Task prompt
Where the data below begins, start duplicating lines exactly, and finish with the line containing "Justo antes de"; add nothing else. Leave the pictures out.

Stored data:
+===+
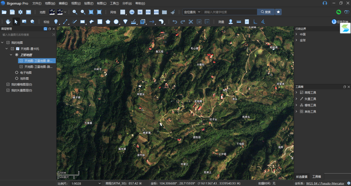 Bigemap Pro支持多种影像数据的处理,包括卫星影像、遥感影像、无人机航拍图、以及移动端拍照的数据等。支持多波段数据融合、支持栅格影像的校正、正射、切片、发布、对比、分析,提取有价值的信息,支持遥感影像的空三处理、拼接、校准、配准、提取和切片发布;支持手机照片的定位、附件、取证等等分析。
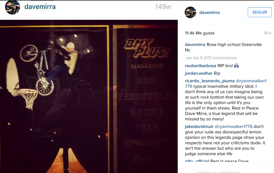 Justo antes de su muerte, Mirra había publicado dos imágenes en su cuenta de Instagram. En una de ellas aparece sonriente junto a su esposa con el mensaje ‘¡Mi roca!. Gracias Dios”. La otra instantánea corresponde a una foto de su niñez, cuando daba los primeros pasos en el BMX. En ella, el texto que la acompaña es un escueto “Rose High School, Greenville, Carolina del Norte”.
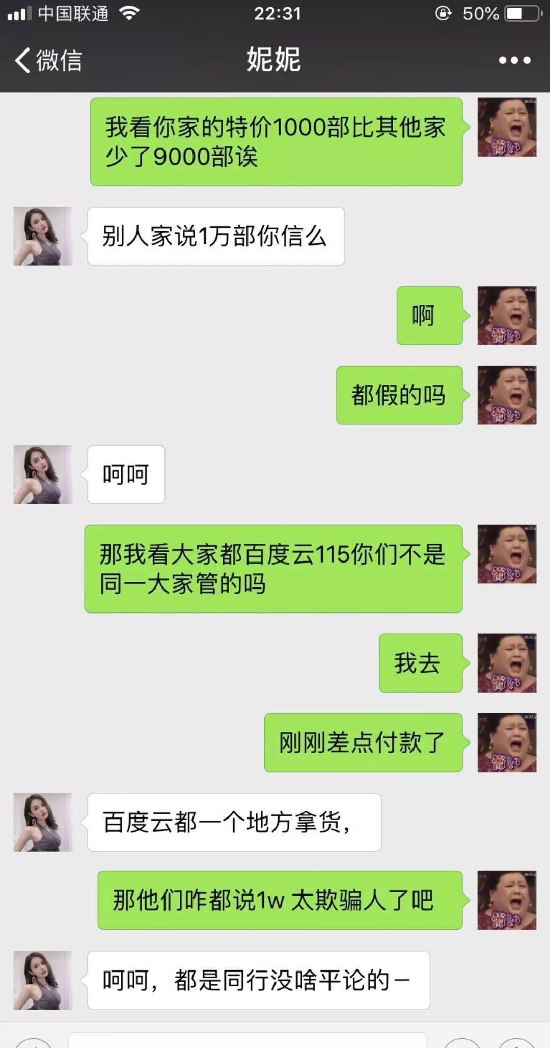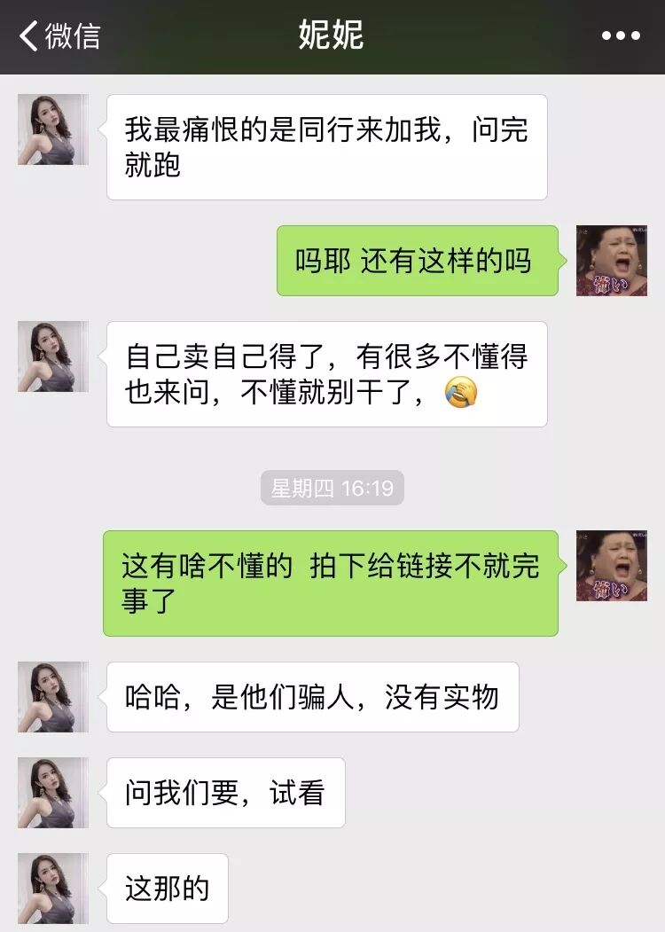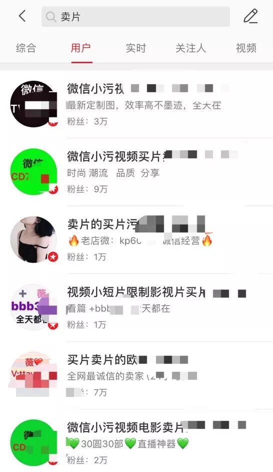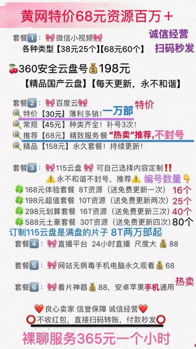 恭喜成为大V 因为那些遍布全网的卖片人通常以最快的速度、最夺人眼目的评论出现在微博热评上,引起你的注意,再等猎物上门。 微博评论里的卖片广告 .....院办有段时间也这么被盯上,拜托!院办,我一个这么阳光的妙龄少女,会看这种东西?我像是那样的人吗?越说越起劲,卖片的比韭菜还耐长,你拉黑1个,他们就有10个盯上你。 但实话说,要不是人民群众那点需求,谁还能撑出条产业链来。深受卖片广告困扰的(阳光妙龄女子)院办决定为了青少年健康成长,摸这趟浑水,从卖片的人下手探探这个卖片产业链! 家道中落,卖片界的魏璎珞也不行了 ▼ 要找到这群人非常简单,他们的各个上头带领的下线成员遍布微博贴吧微信,只要搜些不是敏感词汇又能表达意思的关键词,你就能找到他们。像毛-片、黄-片、A-片这种就不行了,得买片卖片这种直白的: 从他们的粉丝数大概能看得出哪家比较赚钱 挑个顺眼的,把你对片子欲望十足的好友申请发过去,这趟暗访就开始了。 这种时候一定要爱心泛滥 申请好友发过去之后,院办马上收到了一个提示: 满人????你们销量也太好了吧??? 院办没有加他的新号,又去微博找了个新的,没想到发过去之后又是: 满人!!你们行业饱和度这么高吗?此时此刻,虽然院办很看不起这样打法律擦边球的行业,但竟然也动了想代理的歪心思——这卖片的没准比写公众号的还赚。 当然这还没什么,加了新号后,院办对这行抓热点的执行力也略微心生敬佩(怎么回事),因为这个卖片号的名字叫: ❤ 魏 璎 珞 资 源 ❤ ▼ 魏姐客气说了你好之后就甩来两张图,废话不多说直接进正题。一张一目了然拍下发货购物品类图,从最便宜的38块到588块的土豪套餐,应有尽有: 而另一张就是付款赞赏码,识别之后你还能看到有多少人跟卖片的魏姐达成交易,这五百多次付款!! 卖片行业果然是个暴利的行业。 为了装作一副轻车熟路的样子,院办特意做了功课,那种人尽皆知的a-v女优肯定都是传播点,要买就有,没意思。院办去找了几个不太出名的小众情色电影,那种一说出名字你听不懂,还觉得你这个人有文化的“爱情电影”: 私の奴隷になりなさい (我的奴隶这种字眼院办还是能看懂的) 图片来自该电影官网截图 假意问资源类型之后,院办把这大串日语片名发给卖片的魏姐,眨眼时间没到,魏姐就爆了句粗口大骂: 可能是生意太好了,卖片的魏姐非常不把院办这种小顾客放心上,言语间都充斥着:没有,滚。 院办一惊:怎么回事?我说错了什么??这个卖片魏姐狂怼了我几句,最后竟然飙了《延禧攻略》的名台词: 什么,搞了半天原来这大妹在演戏!卖片就卖片,你演什么魏璎珞,还这么投入!! 但院办承认,卖片魏姐人设塑造非常成功,因为现在在院办脑海里,她说的每一句话自带着吴谨言的声音... 为了配合这位脾气暴躁的卖片魏璎珞,院办不得不跟她演两出戏。而这卖片的魏姐...真的戏精上身走火入魔... 卖片魏姐入戏太深了,一字一句都彰显着魏璎珞的暴躁脾气,院办不敢跟她多言,草草说了句“魏姐用膳小的886”,匆匆结束了和卖片人首战... 但没想到魏姐虽然脾气挺大,却非常热心,为了让院办找心目中的神片「私の奴隷になりなさい」,卖片魏姐给院办指了条明路: “找小鸟酱那些人问问,他们也许知道。” 这部片有没有也没什么所谓啦,但卖片魏姐一指点,院办突然有了新方向,小鸟酱?一些群众可能不知道是什么,这个组织在宅男圈子里可太热了(院办也是后来才知道的)。 而卖片行业的传播内容,也真正开始要辣院办的眼睛。 热门福利姬小鸟酱 ▼ 按照卖片魏姐的指示,院办去微博搜关键词,找到了一个人间接加上,为什么说间接呢?因为加上的那个人,其实是一个“中转站”,跟他打声招呼后,他把院办拉进一个群,识别群上发的二维码,才真正加到传说中的小鸟酱。 中转号,他朋友圈里发布大量“高价收购不用的微信号”信息 一秒通过后,这个ID为“baby吴XX”的人和卖片魏姐一样,发来了一张商品价目表。她是院办加了许多卖片人其中唯一一个敢公开朋友圈的人。 ▼ 卖片人的朋友圈截图, 一天发无数个禁断图片和小视频 .....而完全没有任何心理准备的院办,点开后.....呕,恶心,这特么也...这个朋友圈对玻璃心少女院办造成了不少伤害。反正不打码的图是没办法给你们看,你们就脑补一下几个人在粪池里野战的恶心感吧,呕。 经过互联网大兄弟和院办维基百科般的狗友的指点,院办才知道小鸟酱是个拍片卖片,对外号称写真工作室的涉黄组织。 这跟日系小清新风格风格不过是他们打擦边球的幌子 小鸟酱在宅男圈子里非常受欢迎,听说他们的资源在业内炒得非常高,高到什么程度呢?院办试着问了一下: 300! ?????魏姐那一万部片才30块啊30块!300块不得十万部啊,我的天。但小鸟酱这价格在部分黄-片资深用户看来,也无法理解。 好了,我知道看到这里的你一定迫不及待想看看小鸟酱到底是何方神圣,为了大家以后还能见到大院和院办,请轻点: << 滑动查看下一张图片 >> 了解了小鸟酱昂贵的市价后,院办觉得是时候找个正经卖片的,用最低的价格买最高价的资源。当然,是为了接下来的对这个灰色地带有更好的了解。以适时给他们致命的一锅端打击。 于是,我认识了那个扑所迷离的卖片妮妮。 诚信卖片,0.3元QQ机器人提货 ▼ 在茫茫(卖片)人海中,院办加上了这个ID为妮妮的卖片大妹儿。跟其他卖片
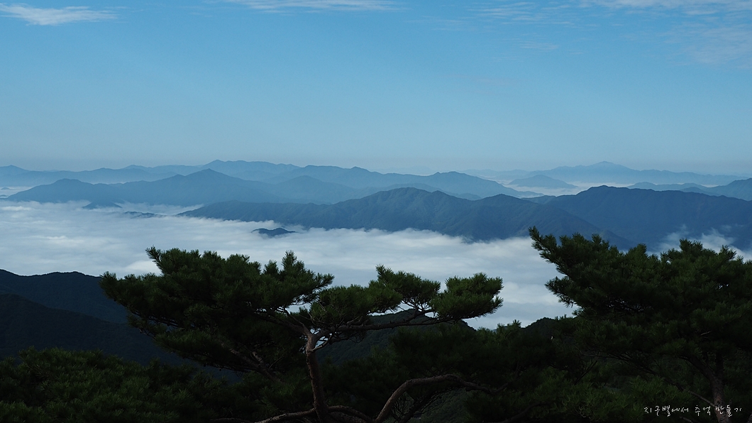 안개 위로 서쪽 전라도 방면의 산들이 솟아 있는 모습이 그림 같습니다.
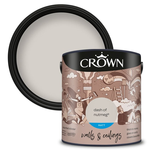 Crown Walls & Ceilings Matt 2.5L Dash Of Nutmeg Durable, non reflective finish Unique Breatheasy formulation - 99% Solvent free Touch dry in 2 hours Due to geographical locations we are unable to deliver to: Isle of Wight, Isle of Man and Ireland.
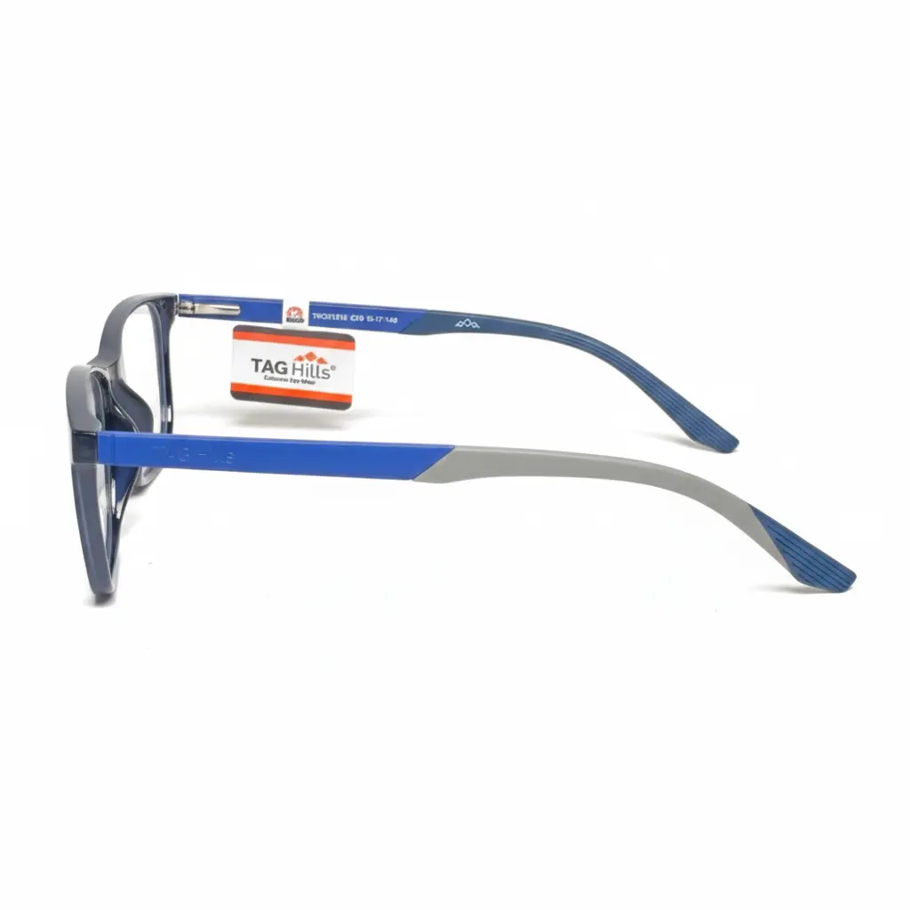 Sport-Inspired Design The frame features a versatile rectangular shape that suits most face types. The front is a deep, translucent navy blue that offers a modern twist on classic styles. The temples transition from a vibrant blue to a cool grey, featuring textured tips for enhanced grip—ensuring your glasses stay securely in place even during movement.
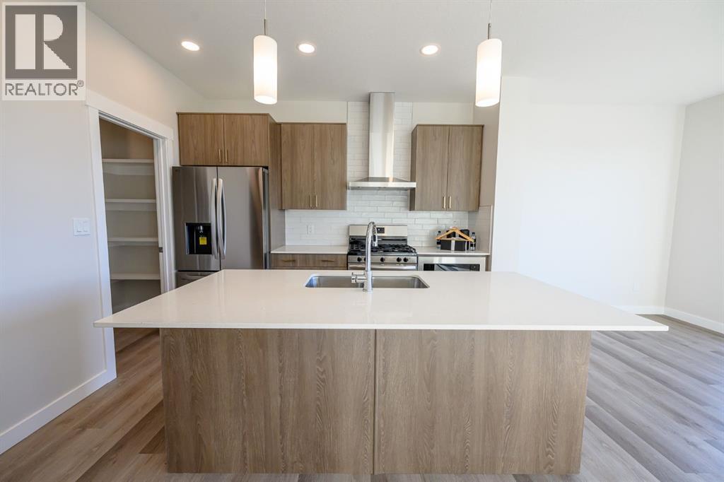 Front Drive 190 Craftsman Elevation New Construction Home | 2 Storey | 1596sq.ft. | 3-Bedrooms | 2.5-Bathrooms | Open Floor Plan | 9’ High Ceilings | Chef’s Kitchen | WALK-THRU Pantry | Luxury Vinyl & Tile Plank Flooring | Upper Level Laundry | Loaded with Upgrades | Attached Double Garage | Nice Lot Backing onto Easement | Partially Fenced. Now let’s begin our tour and start to check the boxes on your list: main floor powder room, mudroom with bench, walk-thru pantry, stunning kitchen with great storage & shelving, open concept kitchen/dining/great room. This brand new home features quartz counters throughout, luxury vinyl plank & tiled floors, upgraded millwork, triple pane windows, floor drains in laundry area + garage, upgraded lighting/plumbing fixtures and so much more!!! Now onto the upper level: Primary suite large offers great privacy being separated from the other bedrooms by the laundry area and oversized window with great views of the backyard, four-piece ensuite with tile accented shower, dual sinks and all the style you would expect in an Anthem home, huge walk-in closet completes the package. A well-designed laundry room with a linen storage area and conveniently located near all three bedrooms. Bedrooms 2 + 3 offer large window for natural light. The adjoining 4pc. bathroom with bathtub is easily accessible. Kitchen appliancepackage included, 1yr. Builder Warranty + 10 yr. Traveler’s Home Warranty Program. Builder willing to provide pricing on extras such as deck, fencing, heated garage, basement development, A/C, Fireplace. Anthem doesn’t just build homes, they create communities. With over 30 years of experience Anthem is proud to be able to build homes designed for you. Similar Model Home available on 128 Avenure as well. Call a Realtor today to obtain further information on these great properties!! Photos are from another home, same floorplan, specs & finishes may vary. (id:63190)
+===+
Answer to the exercise
 Bigemap Pro支持多种影像数据的处理,包括卫星影像、遥感影像、无人机航拍图、以及移动端拍照的数据等。支持多波段数据融合、支持栅格影像的校正、正射、切片、发布、对比、分析,提取有价值的信息,支持遥感影像的空三处理、拼接、校准、配准、提取和切片发布;支持手机照片的定位、附件、取证等等分析。
 Justo antes de su muerte, Mirra había publicado dos imágenes en su cuenta de Instagram. En una de ellas aparece sonriente junto a su esposa con el mensaje ‘¡Mi roca!. Gracias Dios”. La otra instantánea corresponde a una foto de su niñez, cuando daba los primeros pasos en el BMX. En ella, el texto que la acompaña es un escueto “Rose High School, Greenville, Carolina del Norte”.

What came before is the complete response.